## THE PROBLEM
Taking the line that contains "Extremely robust platform" as the start and the last line of the data as the end, repeat exactly every line in that span, but no pictures.

## INPUT DATA
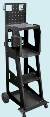
Spot 1000 trolley ref. 053540
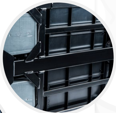
Extremely robust platform
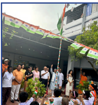
Flag Hoisting at RCV
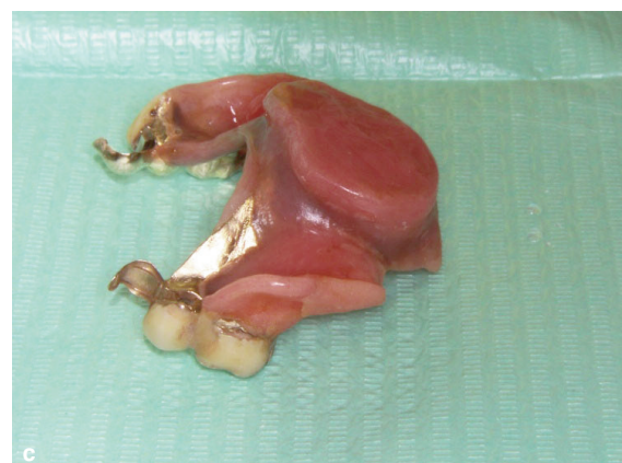
Figure 2 a, b, c Frontal view (a), occlusal view (b) of the removable dental prosthesis with conventional attachments and gold crowns/resin. The removable dental prosthesis (c).

## SOLUTION TO THE EXERCISE
Extremely robust platform
Flag Hoisting at RCV
Figure 2 a, b, c Frontal view (a), occlusal view (b) of the removable dental prosthesis with conventional attachments and gold crowns/resin. The removable dental prosthesis (c).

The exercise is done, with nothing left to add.